The stuff is roughly categorized -- books on the back wall, clothing on the west side of the building -- but a casual glance into any bin will reveal a whole world of cast off goods. You might see a naked Barbie doll, some lidless Tupperware, a box of holiday ornaments, a puzzle, some jagged pieces of broken glassware (tip: wear gloves while rummaging through the bins), a cigarette lighter, a few stuffed animals... Most of the stuff is pure junk, and looking at it all makes my head spin. I feel our society floating away on a toxic river of cheap consumer goods. You just know that most of this stuff is going to end up in the landfill.

But the stuff that isn't junk ... Well that's what keeps me coming back. Some finds have included an almost brand-new pink raincoat for my daughter just when the rainy season was about to begin; lots of pairs of jeans in my size (including the pair pictured, which actually had a $5 bill in the pocket, meaning I actually MADE MONEY on the deal); the exact Playmobil set my daughter had asked for the week before; some leaded crystal wine glasses. At the bins, you pay $1.39 a pound for almost everything, except books, which are a buck for hardcovers and 50 cents for paperbacks.

A lot of people go to the bins strictly to find things for resale. There are those that go though all the clothing bins for stuff to sell at Buffalo Exchange or other clothing stores. There are people who grab all the books they can, then use their cell phone to check the ISBNs on Amazon.

The bins are addictive. You just get ready to leave, thinking there's no way I'm going to find anyting valuable today, and suddenly they're wheeling out a new bin and everyone is lining up to get first crack at the stuff inside. It's a crapshoot, with the spoils going to the patient, the aggressive, and the cheap.

Monday, February 23, 2009

I wish I were smarter.

I'm trying to climb ever-so tentatively up the craggy, tenuous bloggy path, and I'm finding it to be a harrowing journey. I don't want to sound like the computer version of Into the Wild, but suffice it to say that starting a blog is more difficult for me than opening up a notebook, grabbing a pen and scrawling out my thoughts.

The night is coming to a close, and I'll get more skilled tomorrow. The Sumo men represent the left and right sides of my brain, battling each other.

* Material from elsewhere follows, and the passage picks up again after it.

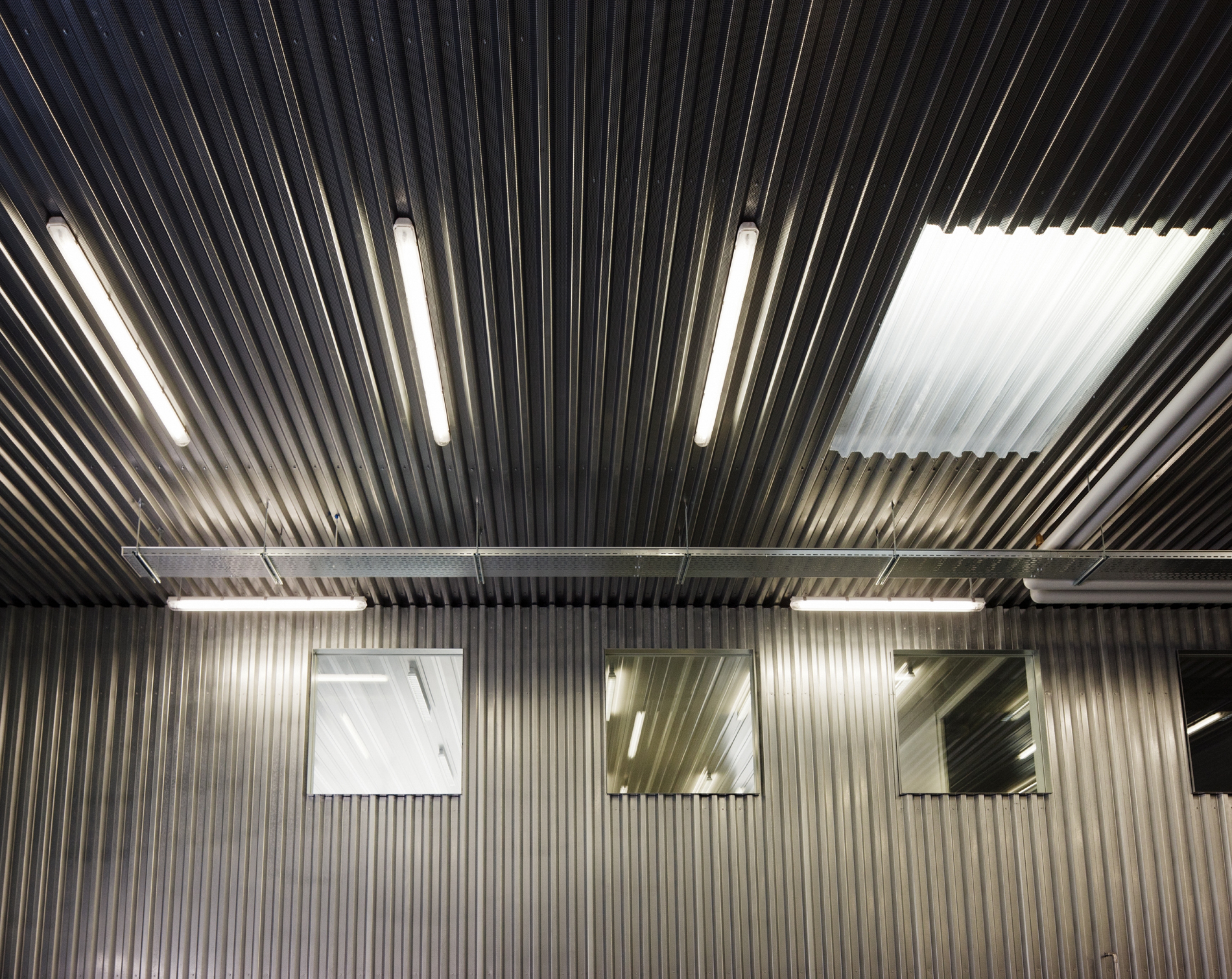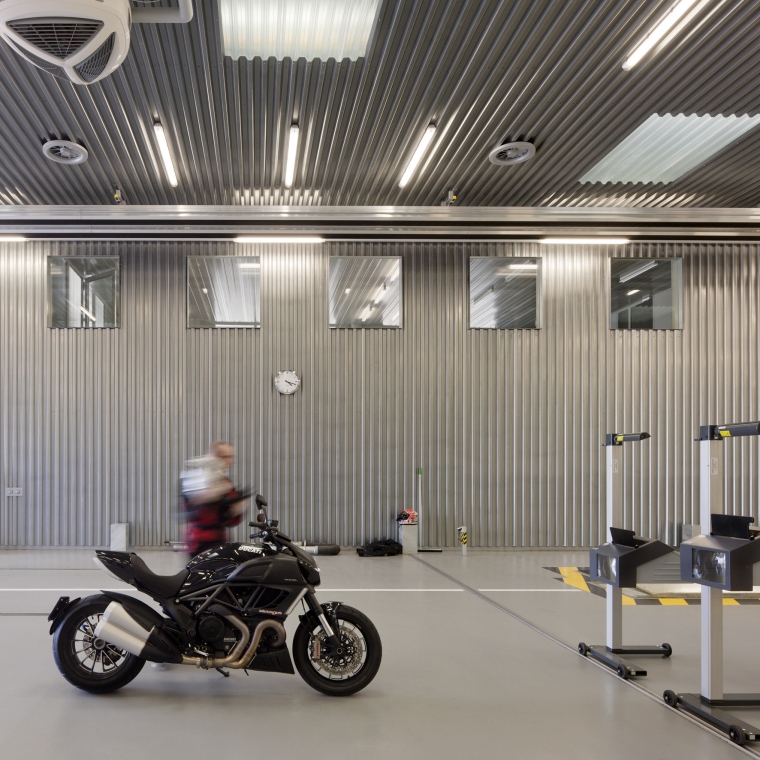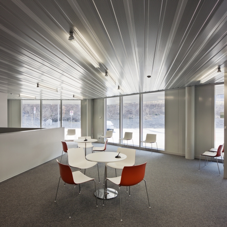 La structure de l’ensemble est prévue avec de grandes poutres en acier composé-soudé permettant de franchir le porte-à-faux protégeant les camions contrôlés. Les façades extérieures sont traitées avec une peau en tôle déployée, celles intérieures avec des cassettes métalliques, affirmant le caractère industriel de l’ouvrage.

I'll get down to business tomorrow. 

Sunday, February 22, 2009

Solving the Grocery Dilemma

The decision about where to shop for groceries is bound to affect your weekly grocery bill. And yet, what are you willing to give up to shop at the supermarket that has the cheapest prices?

Will you drive more than five miles?

Will you bag your own groceries?

Will you give up access to organic fruits and vegetables?

Will you trade in a clean, well-lighted upscale place to shop for one that caters to a more down-market audience?

Money is tight in my house, and, for me, the answer to all of the above is yes.

I used to shop at Whole Foods or my local supermarket. But now I shop at the Pacific Northwest-based chain of low-cost supermarkets called WinCo. In my area, WinCo consistently has the best prices on staples. Butter is always $2.50 a pound. Milk is less than $2 for a half gallon. Broccoli crowns are invariably between 99 cents and $1.25 a pound. The whole wheat bread I buy is usually on sale for $2 a loaf. Moreover, WinCo is employee-owned and favors regional products, both a political bonus for me.

Yes, there are very few organic options at WinCo, so I try to stay away from fruits and veggies with the highest pesticide load.

Instead of soft lighting, a fancy deli with acres of prepared foods, and displays of wine and cheese, WinCo has an extensive bulk bin section (latest find: Guittard cocoa for less than the cost of Hershey's) and a warehouse look and feel. But that suits the budget shopper, too. With less to tempt you, it's easier to stick to your list...and your budget.

I don't feel as pampered shopping at WinCo. Sometimes shopping there I feel downright poor. But does it make any sense to pay 30 percent more for groceries just so I can feel swanky in the supermarket?